BEGIN Data supplied

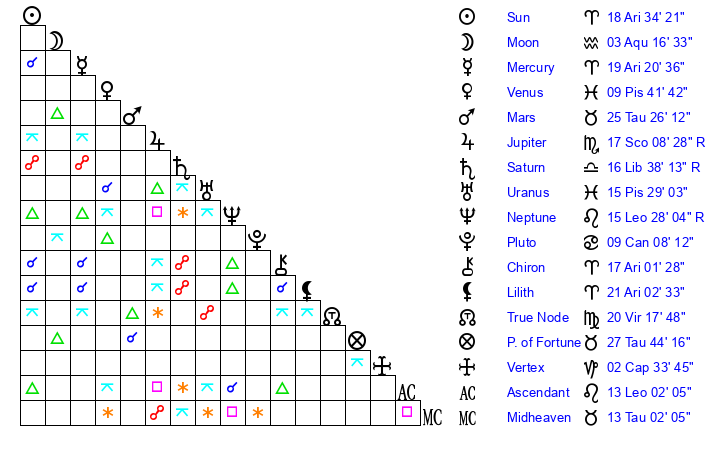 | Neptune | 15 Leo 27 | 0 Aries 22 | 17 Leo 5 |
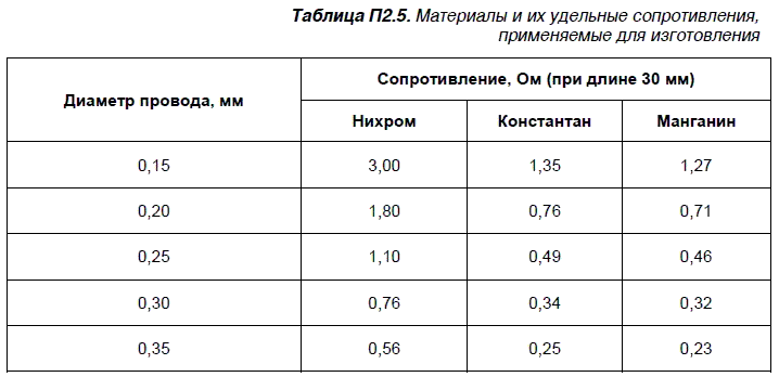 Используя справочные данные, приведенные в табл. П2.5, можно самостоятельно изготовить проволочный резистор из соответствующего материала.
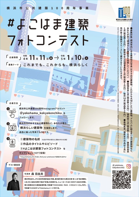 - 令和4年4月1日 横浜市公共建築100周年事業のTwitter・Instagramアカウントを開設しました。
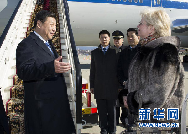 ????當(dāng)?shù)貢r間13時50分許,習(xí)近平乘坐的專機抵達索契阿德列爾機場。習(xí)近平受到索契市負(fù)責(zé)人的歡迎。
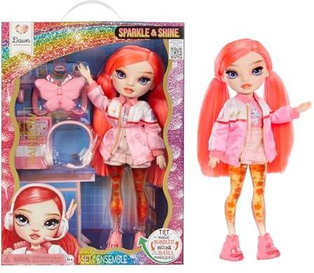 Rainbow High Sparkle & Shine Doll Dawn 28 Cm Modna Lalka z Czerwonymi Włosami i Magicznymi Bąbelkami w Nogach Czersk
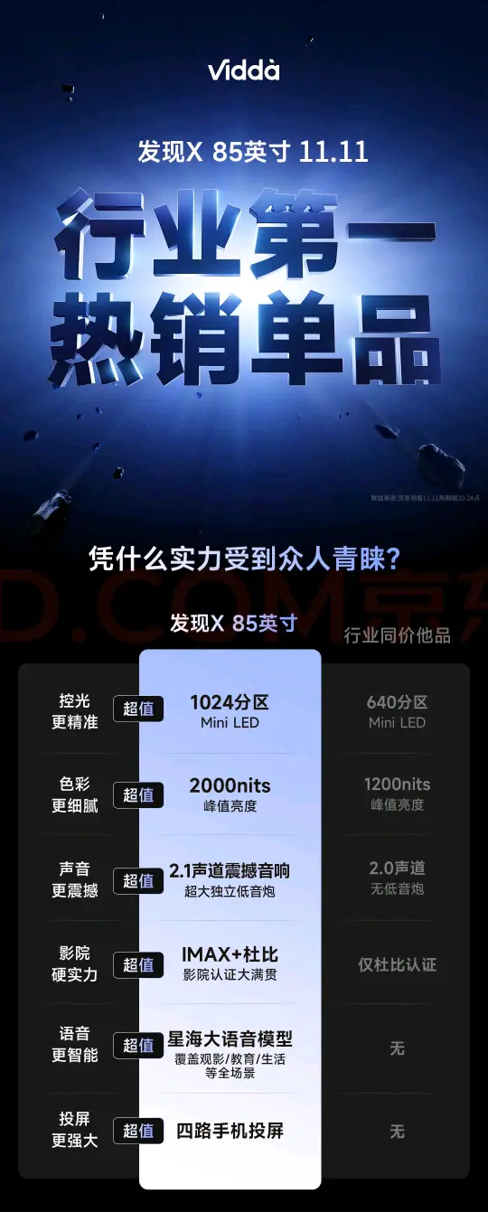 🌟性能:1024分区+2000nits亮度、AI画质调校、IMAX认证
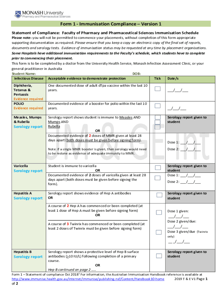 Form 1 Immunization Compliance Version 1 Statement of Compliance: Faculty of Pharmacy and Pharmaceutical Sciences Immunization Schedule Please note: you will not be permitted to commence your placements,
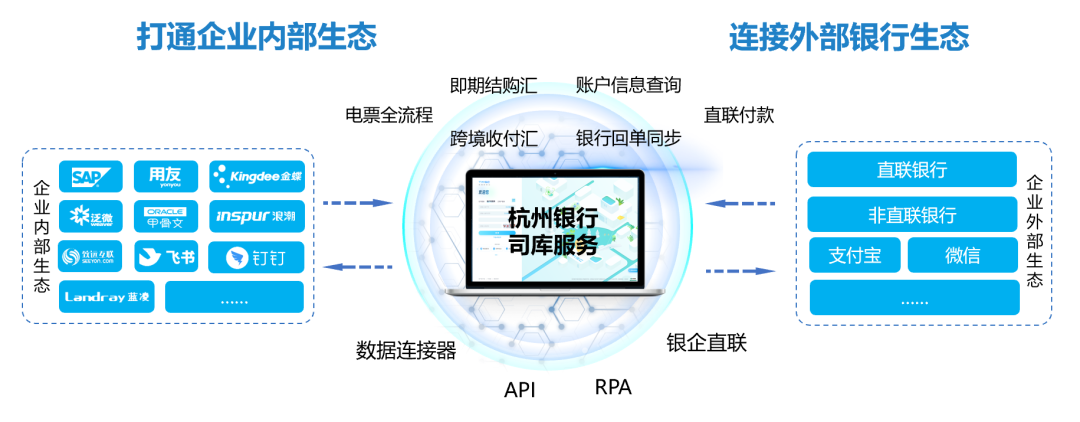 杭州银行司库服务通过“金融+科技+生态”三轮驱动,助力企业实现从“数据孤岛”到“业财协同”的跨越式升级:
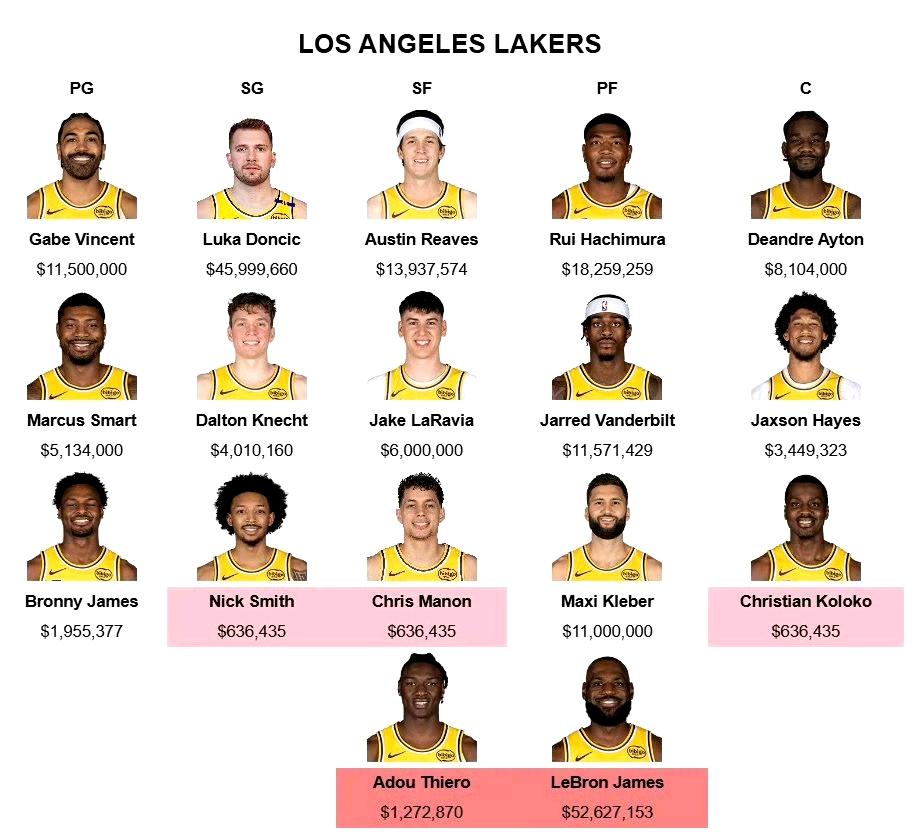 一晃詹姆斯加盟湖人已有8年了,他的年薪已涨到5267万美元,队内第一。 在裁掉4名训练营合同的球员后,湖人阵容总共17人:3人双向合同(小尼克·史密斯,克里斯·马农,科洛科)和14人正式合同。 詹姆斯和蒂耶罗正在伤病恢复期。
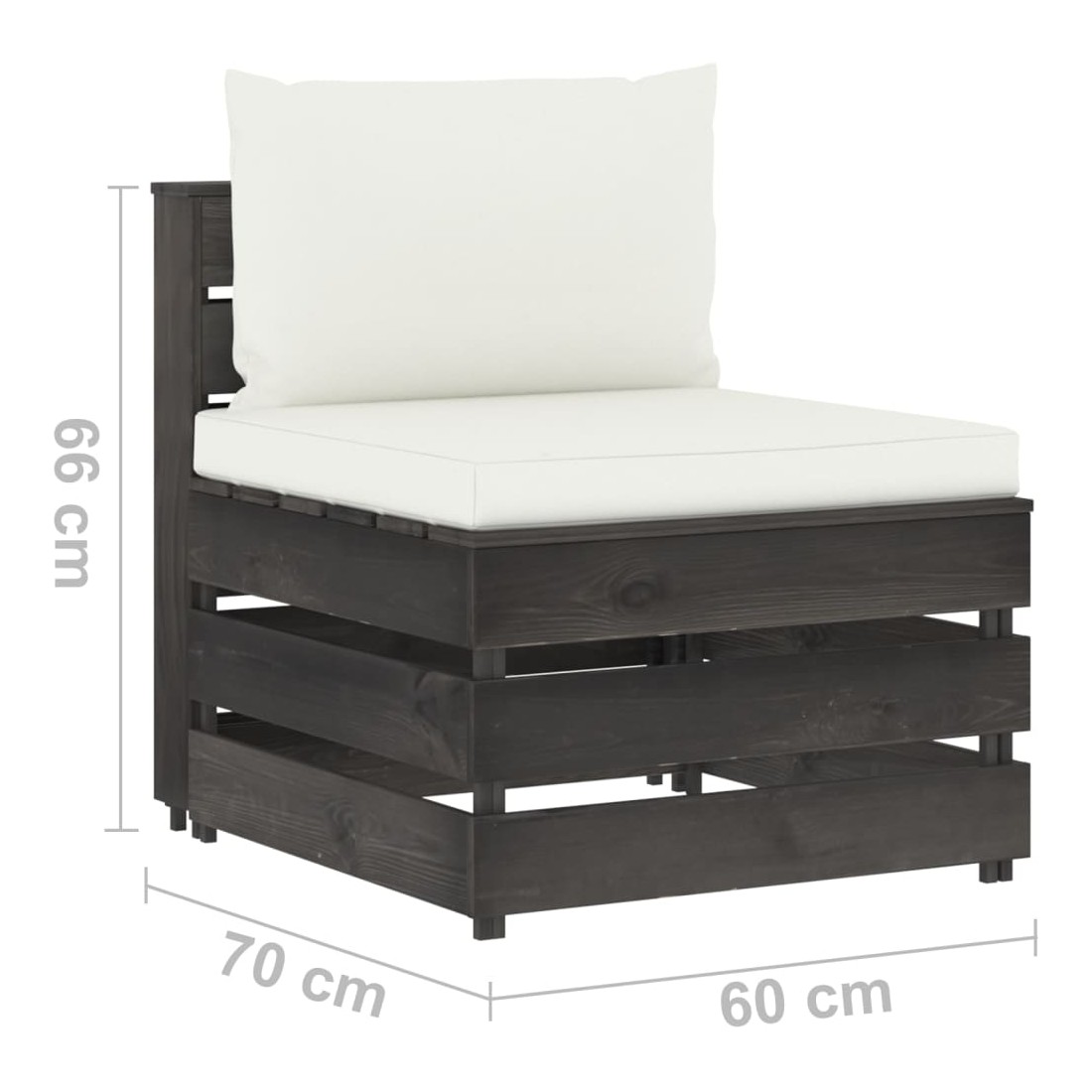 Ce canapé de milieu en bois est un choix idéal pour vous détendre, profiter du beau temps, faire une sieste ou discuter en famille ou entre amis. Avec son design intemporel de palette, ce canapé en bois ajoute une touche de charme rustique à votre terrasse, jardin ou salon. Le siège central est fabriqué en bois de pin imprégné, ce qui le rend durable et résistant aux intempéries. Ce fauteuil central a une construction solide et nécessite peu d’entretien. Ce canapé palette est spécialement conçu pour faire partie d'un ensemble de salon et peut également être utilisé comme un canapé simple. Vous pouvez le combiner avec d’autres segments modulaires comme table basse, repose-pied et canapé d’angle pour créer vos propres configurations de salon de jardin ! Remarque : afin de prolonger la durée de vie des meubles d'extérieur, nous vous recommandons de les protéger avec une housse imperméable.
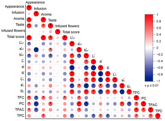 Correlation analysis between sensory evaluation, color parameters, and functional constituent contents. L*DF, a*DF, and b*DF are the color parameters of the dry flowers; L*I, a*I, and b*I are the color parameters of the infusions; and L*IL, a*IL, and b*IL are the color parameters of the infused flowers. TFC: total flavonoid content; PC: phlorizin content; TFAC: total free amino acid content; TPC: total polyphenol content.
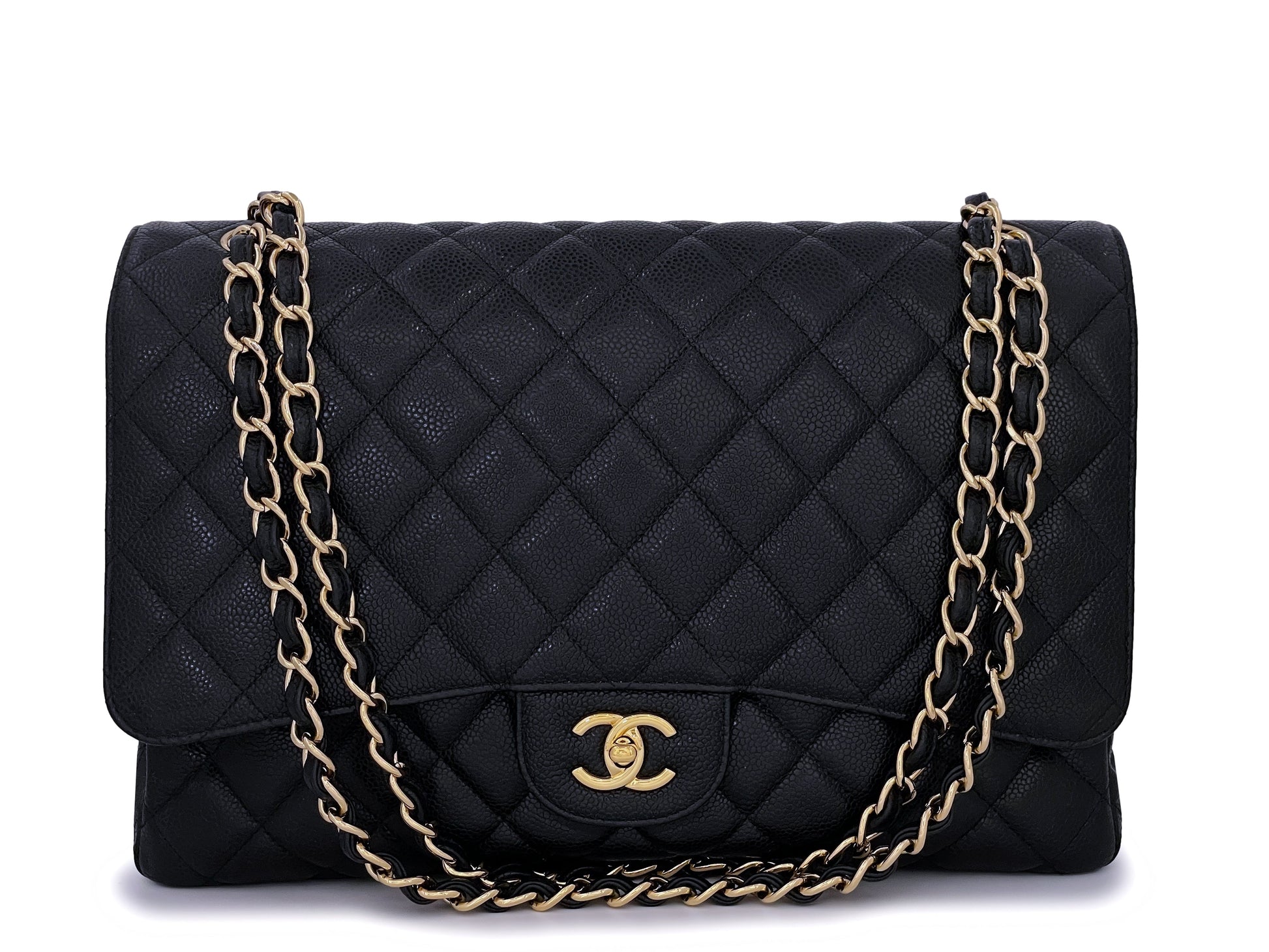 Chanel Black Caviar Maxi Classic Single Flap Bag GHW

END Data supplied

Task brief — The final stretch of the data, from the line with "Ce canapé de" through its last line, is to be retyped exactly; pictures are not part of the copy.

Your response —
 Ce canapé de milieu en bois est un choix idéal pour vous détendre, profiter du beau temps, faire une sieste ou discuter en famille ou entre amis. Avec son design intemporel de palette, ce canapé en bois ajoute une touche de charme rustique à votre terrasse, jardin ou salon. Le siège central est fabriqué en bois de pin imprégné, ce qui le rend durable et résistant aux intempéries. Ce fauteuil central a une construction solide et nécessite peu d’entretien. Ce canapé palette est spécialement conçu pour faire partie d'un ensemble de salon et peut également être utilisé comme un canapé simple. Vous pouvez le combiner avec d’autres segments modulaires comme table basse, repose-pied et canapé d’angle pour créer vos propres configurations de salon de jardin ! Remarque : afin de prolonger la durée de vie des meubles d'extérieur, nous vous recommandons de les protéger avec une housse imperméable.
 Correlation analysis between sensory evaluation, color parameters, and functional constituent contents. L*DF, a*DF, and b*DF are the color parameters of the dry flowers; L*I, a*I, and b*I are the color parameters of the infusions; and L*IL, a*IL, and b*IL are the color parameters of the infused flowers. TFC: total flavonoid content; PC: phlorizin content; TFAC: total free amino acid content; TPC: total polyphenol content.
 Chanel Black Caviar Maxi Classic Single Flap Bag GHW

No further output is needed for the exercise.